* WHAT IS NEEDED
Once the line containing "Zeynep Asya Egemen" is found in the records below, return it and each following line exactly, up to and including the line containing "MOU antara Universitas", and nothing else.

Segment Start: EXERCISE INPUT

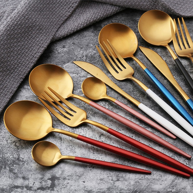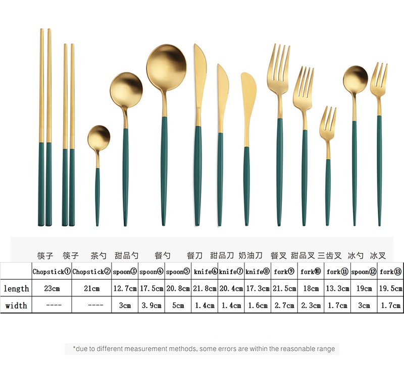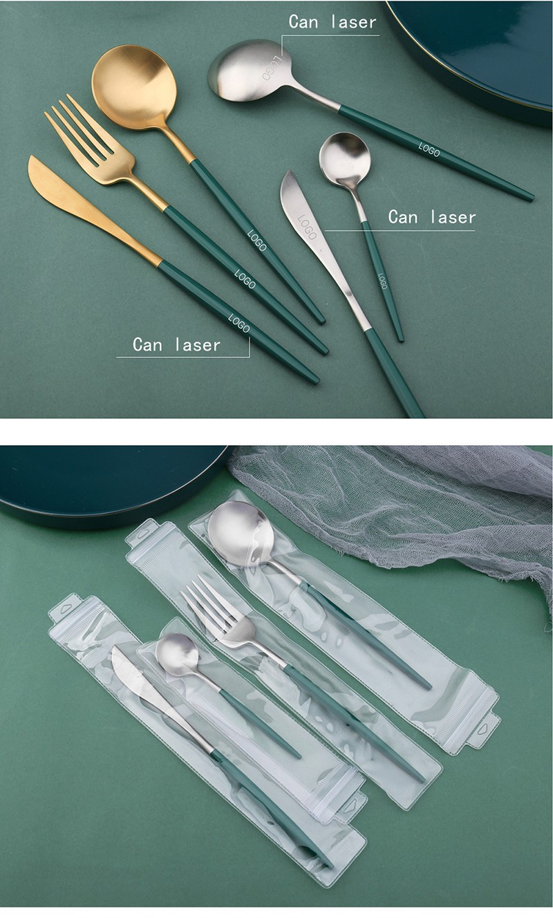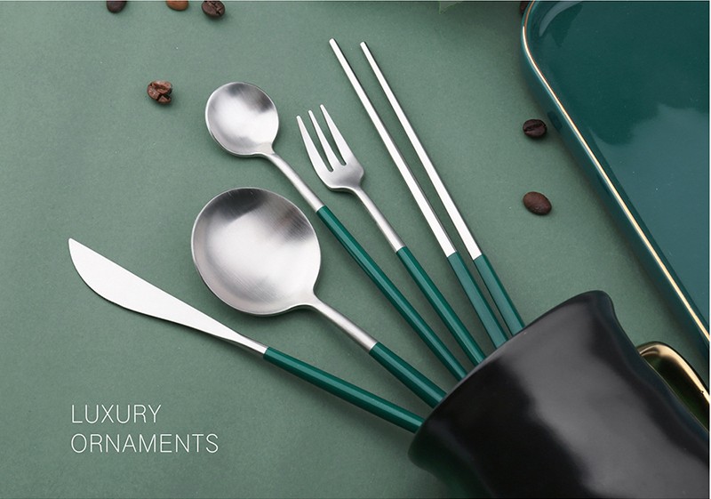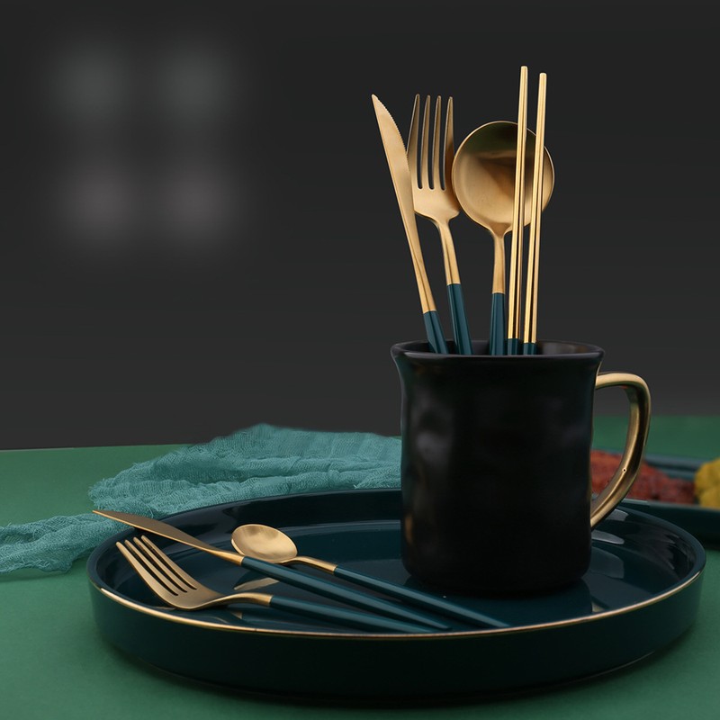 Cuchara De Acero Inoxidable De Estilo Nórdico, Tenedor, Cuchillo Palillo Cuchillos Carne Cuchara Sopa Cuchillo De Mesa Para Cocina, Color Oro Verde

Segment End: EXERCISE INPUT
Segment Start: EXERCISE INPUT

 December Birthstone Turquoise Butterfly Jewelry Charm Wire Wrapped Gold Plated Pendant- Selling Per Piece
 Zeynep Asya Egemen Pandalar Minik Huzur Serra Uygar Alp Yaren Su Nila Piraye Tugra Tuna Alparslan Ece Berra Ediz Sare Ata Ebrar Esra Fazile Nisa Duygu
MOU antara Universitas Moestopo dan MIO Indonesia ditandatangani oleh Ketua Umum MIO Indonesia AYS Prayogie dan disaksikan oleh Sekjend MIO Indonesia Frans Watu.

Segment End: EXERCISE INPUT

* TASK OUTPUT
 Zeynep Asya Egemen Pandalar Minik Huzur Serra Uygar Alp Yaren Su Nila Piraye Tugra Tuna Alparslan Ece Berra Ediz Sare Ata Ebrar Esra Fazile Nisa Duygu
MOU antara Universitas Moestopo dan MIO Indonesia ditandatangani oleh Ketua Umum MIO Indonesia AYS Prayogie dan disaksikan oleh Sekjend MIO Indonesia Frans Watu.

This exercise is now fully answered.